STORED DATA section start

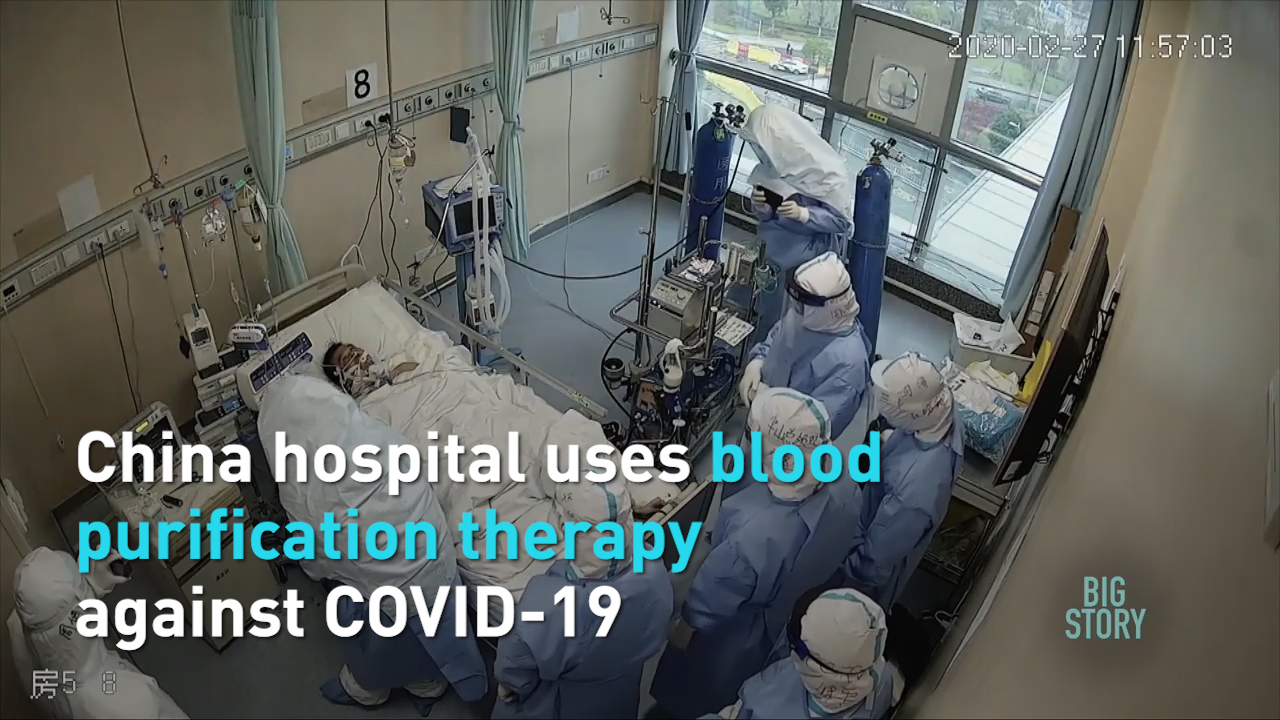 In this clip from CGTN America's Big Story: Widespread, the patient eventually completes his blood purification therapy, with no increase in inflammation. All of his organs are saved. Doctors take him off assisted ventilation and he resumes breathing on his own.
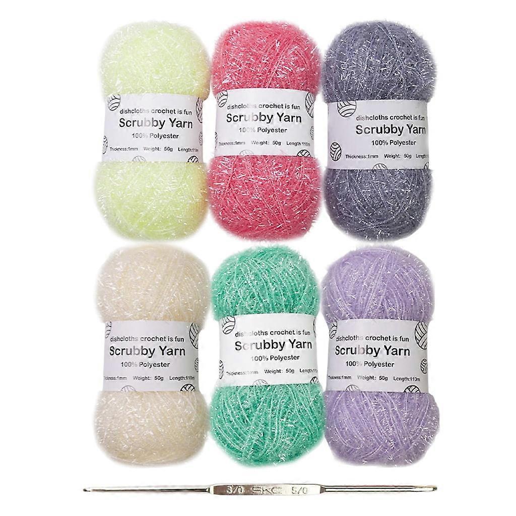 BQBQERT Handmade Scrubby Yarn Crochet Yarn Sparkles Dish Scrubby Yarn with Knitting Hook
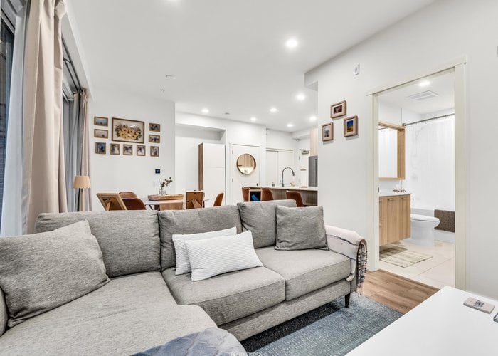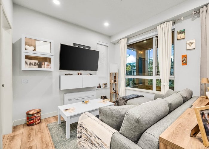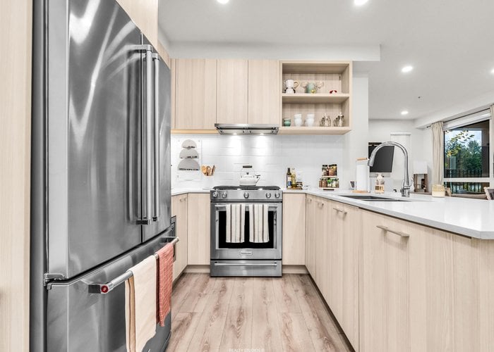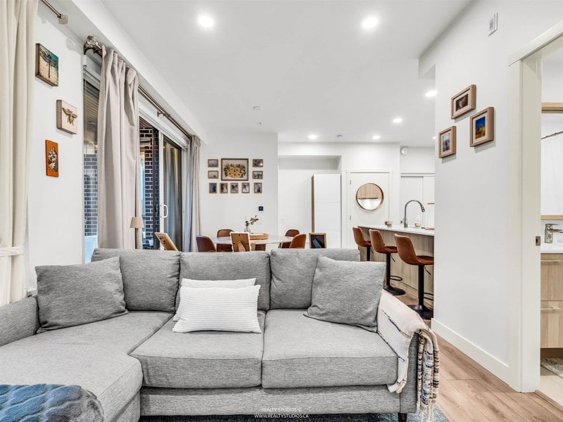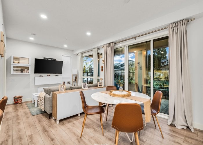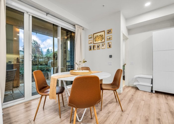 2 PARKING STALLS, Air conditioning & Storage locker! Welcome to THE OAKS, highly sought-after development offering modern design, comfort, & unbeatable convenience. This beautifully appointed 2-bedroom, 2-bathroom ground-floor unit features a spacious open-concept layout w/stainless steel appliances, a gas range, & a bright, contemporary kitchen ideal for both everyday living & entertaining. Step outside to private patio w/easy access to courtyards, perfect for relaxing or hosting guests. Enjoy an impressive collection of amenities including a fitness centre, games room, theatre room, party room, co-working space, and a children’s playground. Conveniently located close to SkyTrain, shopping, restaurants, schools, & parks, This combines modern living with easy access to everything you need.

STORED DATA section end

§ EXERCISE DESCRIPTION
Every line from the one containing "BQBQERT Handmade Scrubby" to the last line of the material must be returned exactly. Leave out any pictures.

§ RESULT FOR THIS TASK
 BQBQERT Handmade Scrubby Yarn Crochet Yarn Sparkles Dish Scrubby Yarn with Knitting Hook
 2 PARKING STALLS, Air conditioning & Storage locker! Welcome to THE OAKS, highly sought-after development offering modern design, comfort, & unbeatable convenience. This beautifully appointed 2-bedroom, 2-bathroom ground-floor unit features a spacious open-concept layout w/stainless steel appliances, a gas range, & a bright, contemporary kitchen ideal for both everyday living & entertaining. Step outside to private patio w/easy access to courtyards, perfect for relaxing or hosting guests. Enjoy an impressive collection of amenities including a fitness centre, games room, theatre room, party room, co-working space, and a children’s playground. Conveniently located close to SkyTrain, shopping, restaurants, schools, & parks, This combines modern living with easy access to everything you need.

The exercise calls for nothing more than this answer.